A friend and I have been known to run an experiment. When
attending a different church, she leaves me alone in the foyer (to go to the
bathroom or something) and we see if anyone will talk to me.
It’s damaging to
my pride, self-esteem and sense of confidence in my personal hygiene to report
that – more often than not – when she returns, I’m standing where she left me
feeling forlorn and having had no interactions with others.
As someone who leads in a church and desires that our
environments be welcoming and inclusive for all – I run this experiment not
just as a test of the church I’m visiting but to remember for myself what
it feels like. To experience that awkwardness of trying to posture
myself to look open to conversations or interactions without making a fool of
myself. And as bad as it feels, I remember that my experiment is only partly
accurate because I’m a visitor. Others coming into churches come because they
are looking to find Jesus! Some come because they are desperately seeking a
place of connection and belonging – of home. While I’m only there for one
night. So much more is at stake for them.
Whilst I have received feedback from people who have felt a
little ignored or adrift in our church, it’s more likely that those who feel
this most poignantly haven’t stayed around to tell anyone – they’ve
just left. You may relate to this experience in your own church environment.
You look around and others are deeply engrossed in conversations and excited
interactions and you wonder why you’re not included.
The reason people at church might not talk to you is
because they are exactly like you!
They are uncomfortable talking to
strangers. As an outgoing, verbal, extrovert I am
uncomfortable talking to strangers! Most people are!
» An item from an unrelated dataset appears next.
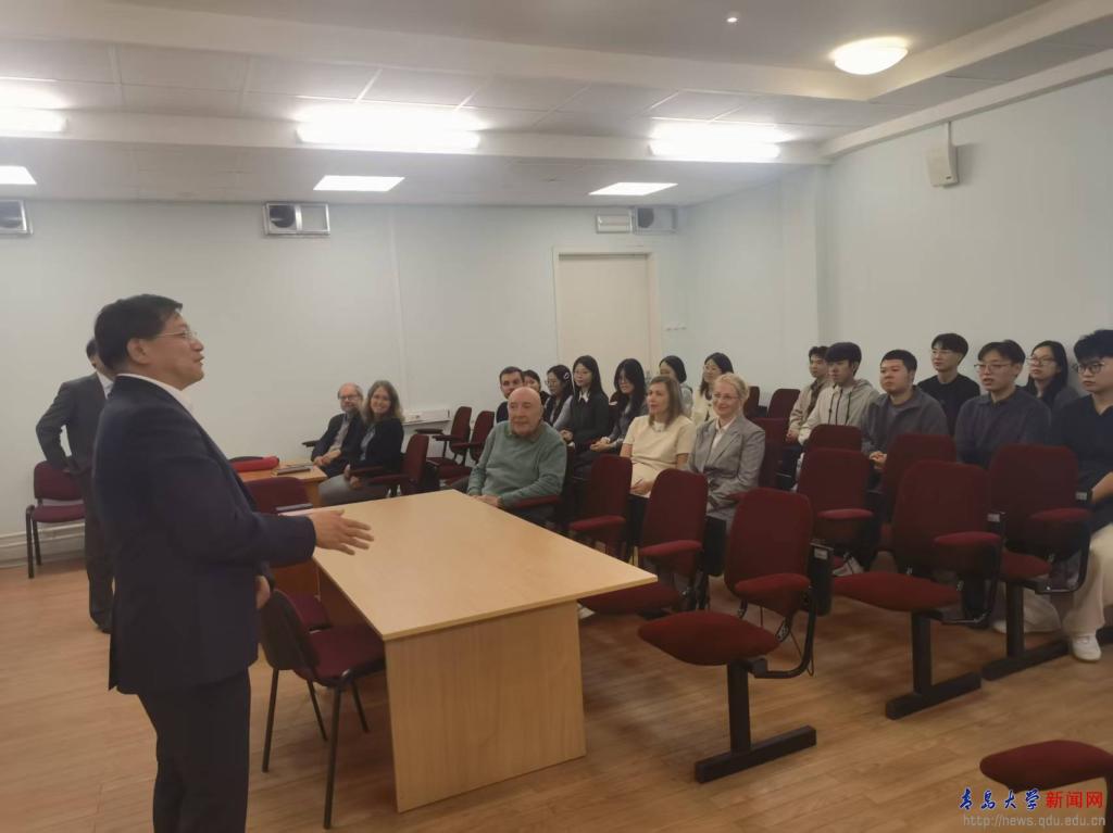 随后,代表团访问了圣彼得堡大学分校。魏志强一行与俄罗斯著名数学家、应用数学与控制过程系主任莱昂·彼得罗相教授及青年教师进行了座谈,并就工业应用数学与人工智能领域开展师生交流以及科研合作具体措施交换了意见。座谈后,魏志强看望了我校数学与统计学院正在圣彼得堡大学国家公派留学的38名博士和硕士研究生,他勉励同学们要“努力拼搏、立志高远,做有梦想、有奋斗、有情怀的时代青年”。

People don’t talk to you
because, just like you, they are unsettled about talking to people they don’t
know. How awkward will this be? What if we have nothing in common? What if I
inadvertently offend or upset them with what I say? What if they don’t want to
talk to me!? EVERYONE is processing these same questions.
They are comforted by their own friends. There’s
safety and security in the knowledge of their connection to their group of
friends. And in fact, they may well be worried that if they don’t speak
to these people no one else will speak to them and so
they don’t leave the circle for fear of feeling that isolation. We are all
creatures of comfort and security. Stepping away from the known and into the
unknown requires a bravery that we don’t always manage to summon.
Someone once said to me “I never realized how cliquey
people were until all my friends were away one week and no one spoke to
me.” She didn’t even realize the irony of what she was saying. She only
noticed that everyone else stuck to their friends when the friends that she stuck
to weren’t around.
They wrongly assess their social
position. Frequently, the socially insecure assume that
everyone else is socially confident. The quiet and shy ones assume that the
noisy ones are more bold and self-assured (when, often, it is just the same
feelings manifesting in different coping strategies). Those unfamiliar in an
environment assume that everyone else is quite familiar. Those who are more
connected don’t trust their social connections enough to leave them temporarily
to reach out to others.
Ultimately, the human condition is such that we are all
looking for a degree of connectedness and are all at the mercy of one another
to find that place of belonging and welcome. New. Old. Loud. Quiet. No one is
exempt from contributing to the social dynamic of a
community.
*** A common cry. ***
“What if I go up to someone and say – Are you new here?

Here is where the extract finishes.